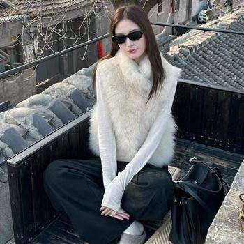 YF6603-(2色入内)冬季新款无袖堆领仿皮草立体感加厚系扣加厚保暖披肩背心
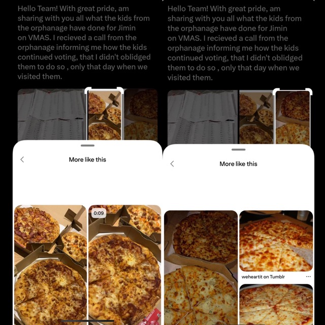 What stood out even more, however, was that some ARMYs discovered these actions might have been a scheme to make them appear as extreme fans—or even bait intended to tarnish Jimin and ARMYs’ reputation. Fans noticed that the food images used in the post were actually taken from Pinterest, from a user who regularly uploads food pictures, rather than being “snacks donated to orphans” as OP claimed.
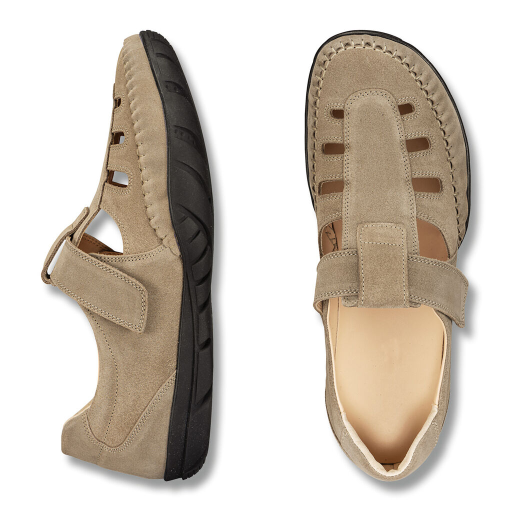 Sportovní lehké mokasíny z hebké velurové usně si hned zamilujete na boso! Ručně šité dekorativním, flexibilním mokasínovým stehem. Šetrné díky polstrovaným okrajům a provlečenému pásku na suchý zip na nártu. Měkká kožená podšívka a stélka potažená měkkou usní. Elastické podrážky Softprofil z lehkého TPU.

**Action item:** Exactly as they appear above, print all the lines, but not the pictures.

**Solution for this task:**
 YF6603-(2色入内)冬季新款无袖堆领仿皮草立体感加厚系扣加厚保暖披肩背心
 What stood out even more, however, was that some ARMYs discovered these actions might have been a scheme to make them appear as extreme fans—or even bait intended to tarnish Jimin and ARMYs’ reputation. Fans noticed that the food images used in the post were actually taken from Pinterest, from a user who regularly uploads food pictures, rather than being “snacks donated to orphans” as OP claimed.
 Sportovní lehké mokasíny z hebké velurové usně si hned zamilujete na boso! Ručně šité dekorativním, flexibilním mokasínovým stehem. Šetrné díky polstrovaným okrajům a provlečenému pásku na suchý zip na nártu. Měkká kožená podšívka a stélka potažená měkkou usní. Elastické podrážky Softprofil z lehkého TPU.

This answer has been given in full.